My ARM development notes

These are my notes to get useful cross-compilation, even with autotools, and GStreamer stuff.

toolchain

The convention is to have ‘arm-linux-gcc‘ and so on, so that you can compile with ‘make CROSS_COMPILE=arm-linux-‘, the kernel and many other projects assume this is the default.

First, you would need ‘~/bin‘ to be on your path, so make sure you have it on ‘~/.bash_profile‘ (export PATH="$HOME/bin:$PATH") or whatever your favorite shell uses.

I use CodeSourcery (GNU/Linux 2009q3), you can fetch it from here.

cd ~/bin
toolchain=/opt/arm-2009q3
for x in $toolchain/bin/arm-none-linux-gnueabi-*
do
ln -s $x arm-linux-${x#$toolchain/bin/arm-none-linux-gnueabi-}
done

QEMU

This is needed for sb2 in order to kind of emulate an ARM system.

git clone git://git.savannah.nongnu.org/qemu.git
cd qemu
git checkout -b stable v0.12.5
./configure --prefix=/opt/qemu --target-list=arm-linux-user
make install

sbox2

This is needed to avoid most of the pain caused by autotools (thank you GNU… not!).

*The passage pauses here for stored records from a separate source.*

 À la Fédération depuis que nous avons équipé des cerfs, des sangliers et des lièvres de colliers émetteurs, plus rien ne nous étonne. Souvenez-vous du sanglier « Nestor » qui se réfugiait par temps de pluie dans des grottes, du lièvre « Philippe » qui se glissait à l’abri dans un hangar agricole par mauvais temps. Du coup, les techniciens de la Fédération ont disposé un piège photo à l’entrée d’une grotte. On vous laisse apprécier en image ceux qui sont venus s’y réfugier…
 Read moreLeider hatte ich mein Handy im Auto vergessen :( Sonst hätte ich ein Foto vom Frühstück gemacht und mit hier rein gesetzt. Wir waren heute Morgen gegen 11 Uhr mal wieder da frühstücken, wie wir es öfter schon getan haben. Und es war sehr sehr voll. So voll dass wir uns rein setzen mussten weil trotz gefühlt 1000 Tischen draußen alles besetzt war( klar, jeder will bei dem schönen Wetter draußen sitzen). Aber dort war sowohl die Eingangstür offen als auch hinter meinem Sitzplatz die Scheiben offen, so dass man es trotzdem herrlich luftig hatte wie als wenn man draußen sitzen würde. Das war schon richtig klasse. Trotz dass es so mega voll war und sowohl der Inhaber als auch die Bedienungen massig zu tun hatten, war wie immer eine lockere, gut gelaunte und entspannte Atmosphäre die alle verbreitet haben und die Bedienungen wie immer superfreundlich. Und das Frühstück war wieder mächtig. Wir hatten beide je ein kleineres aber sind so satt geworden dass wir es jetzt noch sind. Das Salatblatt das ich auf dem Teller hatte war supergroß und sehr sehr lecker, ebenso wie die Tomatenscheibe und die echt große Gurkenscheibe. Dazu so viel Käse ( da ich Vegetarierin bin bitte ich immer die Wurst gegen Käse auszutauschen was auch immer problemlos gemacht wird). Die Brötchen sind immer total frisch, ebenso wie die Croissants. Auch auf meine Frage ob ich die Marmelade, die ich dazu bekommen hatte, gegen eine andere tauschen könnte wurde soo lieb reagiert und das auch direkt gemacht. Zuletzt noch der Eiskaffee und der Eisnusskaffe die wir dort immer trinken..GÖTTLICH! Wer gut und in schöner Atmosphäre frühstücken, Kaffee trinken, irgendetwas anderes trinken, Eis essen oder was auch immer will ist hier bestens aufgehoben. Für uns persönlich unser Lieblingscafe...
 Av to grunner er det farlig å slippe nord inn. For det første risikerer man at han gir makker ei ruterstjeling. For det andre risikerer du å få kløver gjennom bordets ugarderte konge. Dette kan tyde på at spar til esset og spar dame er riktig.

git clone git://gitorious.org/scratchbox2/scratchbox2.git
cd scratchbox2
git checkout -b stable 2.1
./autogen.sh --prefix=/opt/sb2
make install

Add sb2 to the PATH:
export PATH=/opt/sb2/bin:$PATH

sb2 target

Now it’s time to configure a target.

cd /opt/arm-2009q3/arm-none-linux-gnueabi/libc/
sb2-init -c /opt/qemu/bin/qemu-arm armv7 /opt/arm-2009q3/bin/arm-none-linux-gnueabi-gcc

You can check that it works with:
sb2 gcc --version

GStreamer

We are going to install everything into ‘/opt/arm/gst‘, so:

export PKG_CONFIG_PATH=/opt/arm/gst/lib/pkgconfig

You can skip the steps here and go directly to deployment if you download and extract this tarball on your target.

zlib

This is needed by GLib’s gio (which cannot be configured out).

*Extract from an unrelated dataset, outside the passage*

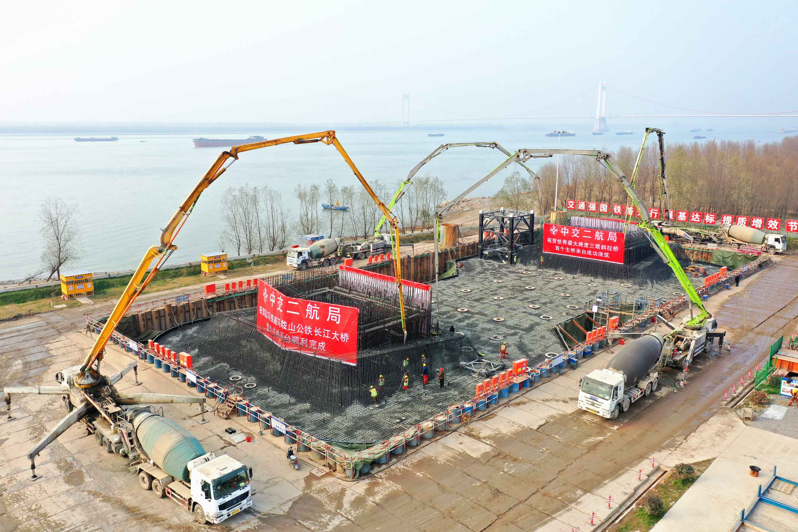 2022年1月2日,由公司承建的巢马铁路马鞍山公铁长江大桥南主塔顺利完成承台混凝土浇筑,标志着世界最大跨度三塔斜拉桥将转入塔柱施工阶段。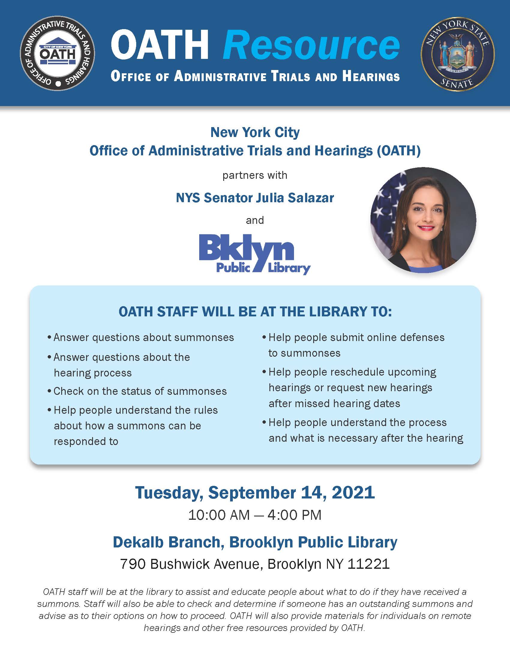 OATH staff were at the library to assist and educate people about what to do should they have received a summons and to check to determine if someone has an outstanding summons. Materials about remote hearings and other free resources were provided to the public as well.

wget -c http://zlib.net/zlib-1.2.5.tar.gz
tar -xf zlib-1.2.5.tar.gz
cd zlib-1.2.5
sb2 ./configure --prefix=/opt/arm/gst
sb2 make install

glib

GLib has bugs (623473, 630910) detecting zlib (thank you Mattias… not!). So either apply my patches, or do the C_INCLUDE_PATH/LDFLAGS hacks below:

export C_INCLUDE_PATH='/opt/arm/gst/include' LDFLAGS='-L/opt/arm/gst/lib'

git clone git://git.gnome.org/glib
cd glib
git checkout -b stable 2.24.1
./autogen.sh --noconfigure
sb2 ./configure --prefix=/opt/arm/gst --disable-static --with-html-dir=/tmp/dump
sb2 make install

gstreamer

git clone git://anongit.freedesktop.org/gstreamer/gstreamer
cd gstreamer
git checkout -b stable RELEASE-0.10.29
./autogen.sh --noconfigure
sb2 ./configure --prefix=/opt/arm/gst --disable-nls --disable-static --disable-loadsave --with-html-dir=/tmp/dump
sb2 make install

liboil

Needed by many GStreamer components.

git clone git://anongit.freedesktop.org/liboil
cd liboil
git checkout -b stable liboil-0.3.17
./autogen.sh --noconfigure
sb2 ./configure --prefix=/opt/arm/gst --disable-static --with-html-dir=/tmp/dump
sb2 make install

gst-plugins-base

git clone git://anongit.freedesktop.org/gstreamer/gst-plugins-base
cd gst-plugins-base
git checkout -b stable RELEASE-0.10.29
./autogen.sh --noconfigure
sb2 ./configure --prefix=/opt/arm/gst --disable-nls --disable-static --with-html-dir=/tmp/dump
sb2 make install

gst-plugins-good

git clone git://anongit.freedesktop.org/gstreamer/gst-plugins-good
cd gst-plugins-good
git checkout -b stable RELEASE-0.10.23
./autogen.sh --noconfigure
sb2 ./configure --prefix=/opt/arm/gst --disable-nls --disable-static --with-html-dir=/tmp/dump
sb2 make install

Deployment

So now we have everything installed in ‘/opt/arm/gst‘, but how to run on the target? Just copy the exact same files into the target on the exact same location, and then:

export PATH=/opt/arm/gst/bin:$PATH

That’s it, you can run gst-launch, gst-inspect, and so on.

Development

Ok, it should be clear how to do development from the previous steps, but in case it wasn’t clear, here’s how to:

gst-dsp

Each time you want to cross-compile, you need to tell pkg-config where to find the packages:

export PKG_CONFIG_PATH=/opt/arm/gst/lib/pkgconfig

git clone git://github.com/felipec/gst-dsp.git
cd gst-dsp
git checkout -b stable v0.8.0
make

Note that gst-dsp doesn’t use autotools, so sb2 is not needed.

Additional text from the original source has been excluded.